Best Screen Recorder for Mac in 2025: 7 Tools Compared
Finding the best screen recorder for Mac shouldn’t require hours of research and trial-and-error installs. Whether you’re a developer documenting a bug, a product manager walking through a prototype, or a customer success rep answering a support ticket with a quick video — you need a tool that captures your screen, adds context, and shares it instantly.
The problem? Most Mac screen recording software either buries useful features behind clunky interfaces, forces you into expensive subscriptions for basic functionality, or produces files that sit on your desktop until you remember to upload them somewhere. After testing over a dozen screen recorders across macOS 14 Sonoma and macOS 15 Sequoia, we narrowed it down to the 7 that actually deliver for professional workflows.
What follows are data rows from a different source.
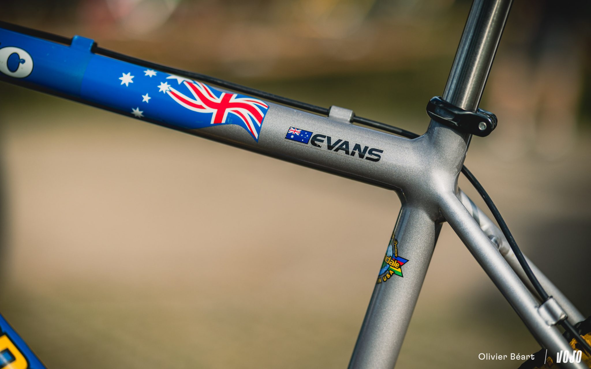On termine avec un vélo tout à fait exceptionnel… puisqu’il n’a été produit qu’à deux exemplaires ! Ce cadre a été soudé à partir d’un mélange de tubes de vélos de route (triangle avant) et de VTT (arrière). Chez Cannondale, les générations de cadre alu sont nommées par l’acronyme CAAD, suivi d’un chiffre qui désigne chaque génération. Jusque-là, le team et les VTT haut de gamme de la marque en étaient au CAAD5, mais la route était déjà passée au CAAD6, avec des tubes plus légers. En prévision des Jeux Olympiques de 2000, Cannondale a voulu proposer un CAAD6 à ses coureurs, Alison Sydor et Cadel Evans. Si la représentante féminine a validé ce cadre et l’a couru à Sydney, le puissant Cadel Evans l’a jugé trop souple et a préféré rester sur son CAAD5 !
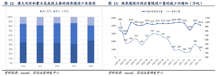 2020年8月以来从澳大利亚进口炼焦煤明显减少,8-12月进口同比下降32.85%/38.76%/21.45%/90.37%/100%;同期,我国炼焦煤净进口量为714/657/581/367/365万吨,呈现持续下滑趋势。
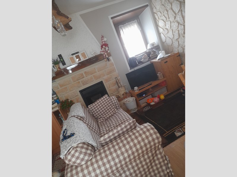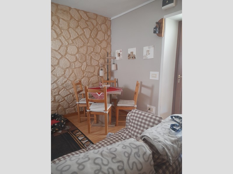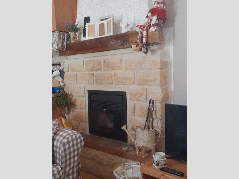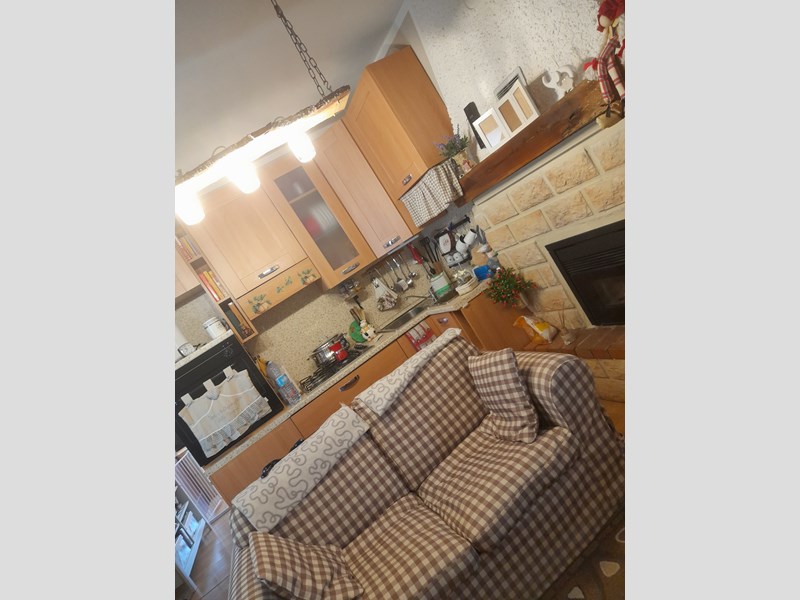 Ingresso, soggiorno openspace con angolo cottura ed un elegante camino a pellet certificato (installato 2023), piccolo corridoio, bagno con vasca e grande camera da letto matrimoniale
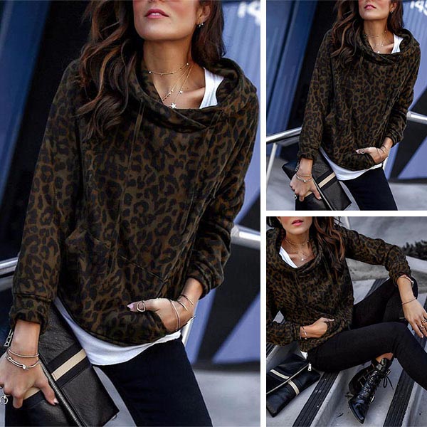 For a simple,casual and relaxed autumn look,you can count on this sweatshirt. The leopard printed details make this piece look so eye-catching. Finished with long sleeve and hooded silhouette,this piece also can promise you a comfortable day with its soft and breathable fabric. Add one to your casual wardrobe ensemble.
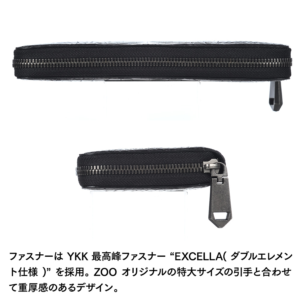 ファスナーは、YKK 最高峰ファスナーEXCELLA(ダブルエレメント仕様)を採用。ZOO(ズー)オリジナルの特大サイズの引手と合わせて重厚感のあるデザインです。
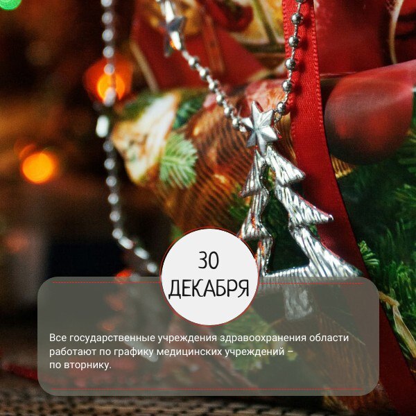30 декабря все государственные учреждения здравоохранения будут работать по графику медицинских учреждений — по вторнику, с 12 января — в обычном режиме.
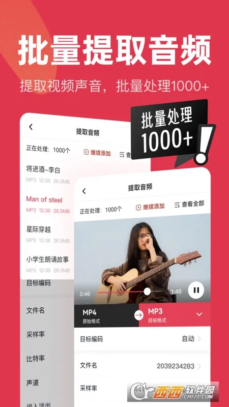 2、功能多样:支持多种音频格式的输入输出与转换,具备裁剪、合并、降噪、变声等功能。
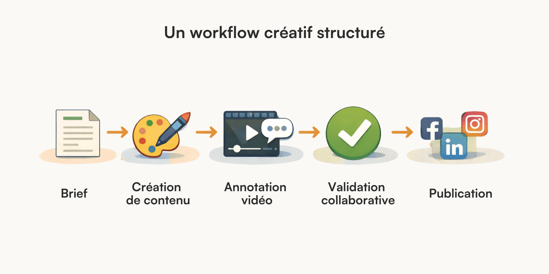 La plateforme organise l’ensemble du processus créatif, du brief jusqu’à la validation finale.
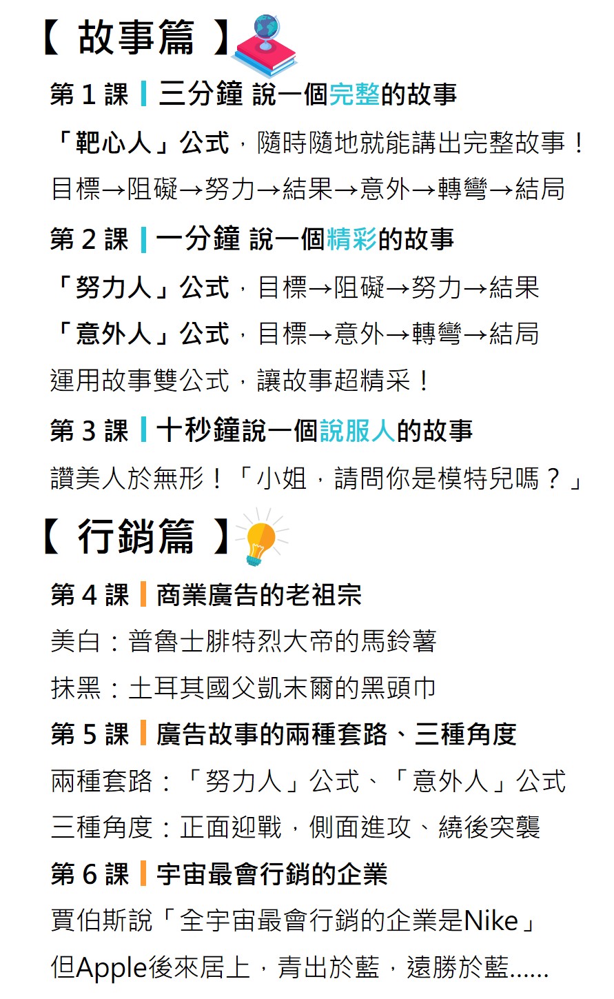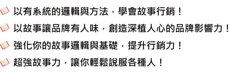 而故事行銷的手法經典不敗,在內容當道的現在更成為行銷顯學,企業品牌開始重視並運用故事行銷傳遞品牌精神與理念,希望在過於同質與透明的競爭市場中為自己創造一點不同,讓品牌走進顧客心中,留下深刻記憶,更要用故事讓商品熱賣!然而,故事的力量不僅止於此,你更可透過引人入勝的故事,創造高說服力,與溝通對象產生共鳴與連結,滲透人心,達成目的!
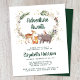 Convite rústico e econômico para chá de bebê de inverno com ilustrações em aquarela de animais da floresta, flores, folhagens e estrelas douradas e flocos de neve. "Aventura Aguarda" e o nome da futura mamãe são escritos em uma fonte verde escura de caçador.
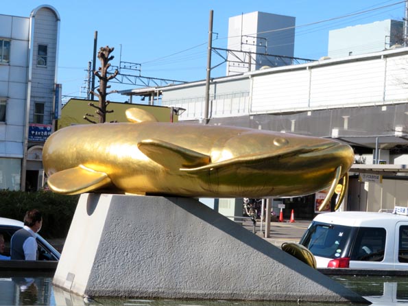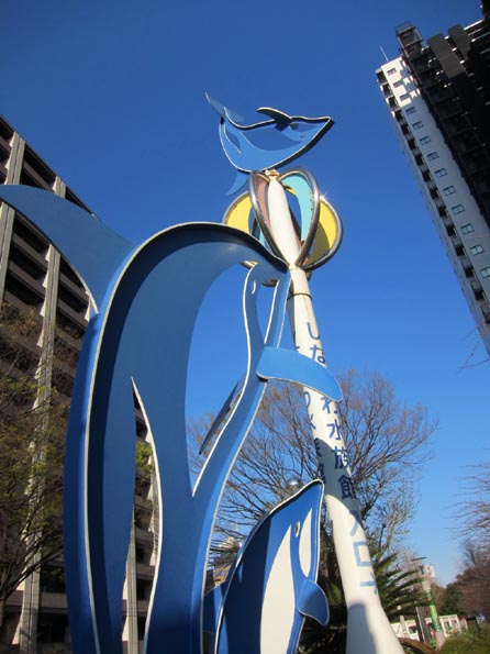 「しながわ水族館」へのゲートウェイに立つイルカ・モニュメント
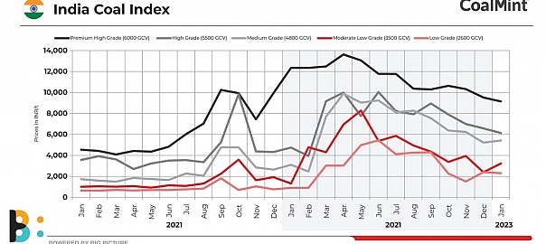 CoalMint’s flagship India Coal Index (ICI) extended its decline in January 2023 owing to overall dull market conditions and prices remained depressed despite the low volumes offered at auctions. However, mid-CV coal prices increased on active power sector demand.
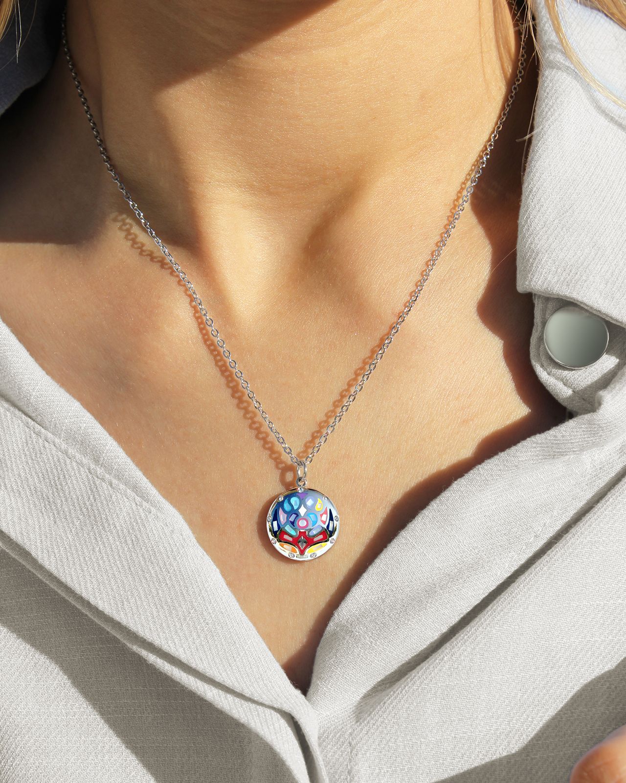 Seine feine Silberkette passt perfekt zu den bunten Motiven von diesem Anhänger.
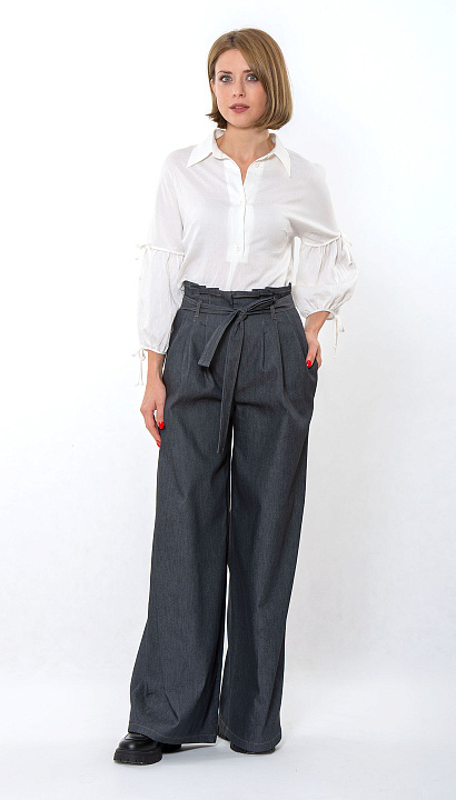 Широкая блуза "кимоно" с центральной застёжкой, со сборкой на рукавах и манжетах.
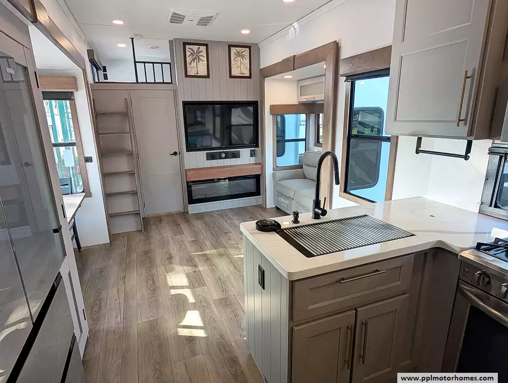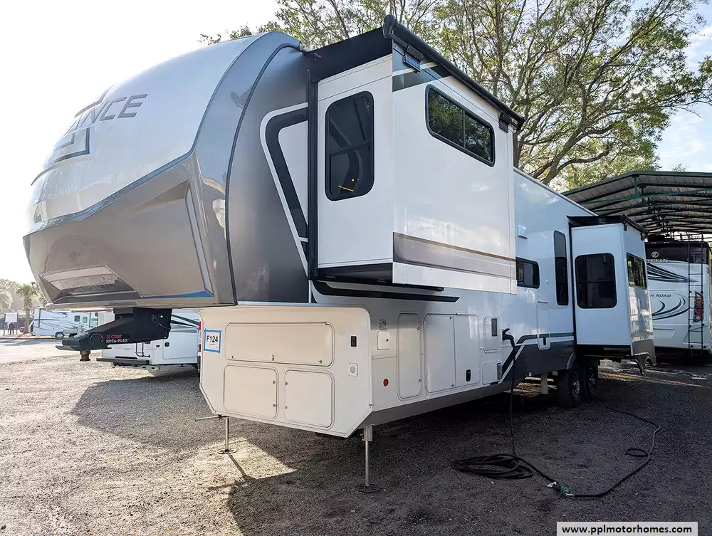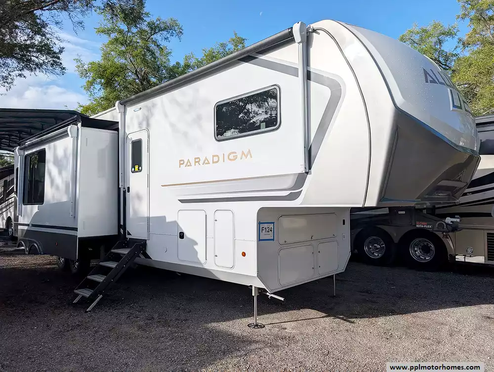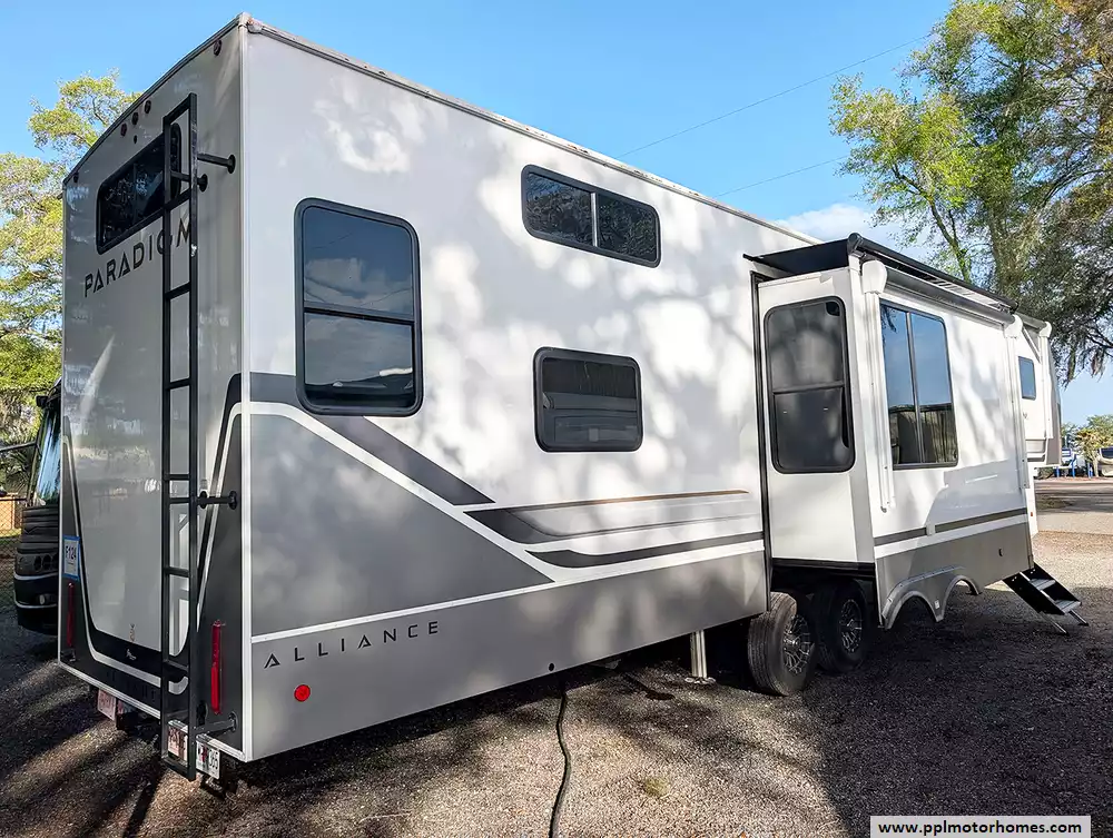 The 2025 Alliance Paradigm 395DS stands at the pinnacle of luxury fifth-wheel design, offering a sophisticated living experience built on a foundation of customer-driven innovation. Spanning 42 feet and constructed with a high-quality fiberglass body and a durable TPO roof, this model is celebrated for its spacious wide-body interior and exceptional towing performance. With four slide-outs that dramatically expand the living area, the Paradigm provides a true residential feel, making it an ideal choice for travelers who refuse to compromise on comfort, space, or build quality.
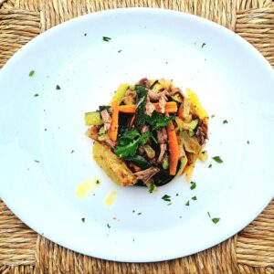 Straccetti di manzo con rucola e patate a limone

The best screen recorder for Mac in 2025 is Zight — a lightweight app that combines screen recording, screenshots, GIF creation, and async video into one tool. Every recording is auto-uploaded to the cloud, and a shareable link is copied to your clipboard in seconds. No export → upload → share dance. Just record and send.
⚡ Quick Answer
Zight is the best screen recorder for Mac in 2025. It records your screen, webcam, and audio in one click. Recordings are instantly uploaded to the cloud and a shareable link is copied to your clipboard — no file management required. It also creates annotated screenshots and GIFs, integrates with Slack, Jira, and GitHub, and offers a free plan. For developers, PMs, customer success teams, and remote workers who need the fastest path from “I need to show you this” to a sharable link, nothing else comes close.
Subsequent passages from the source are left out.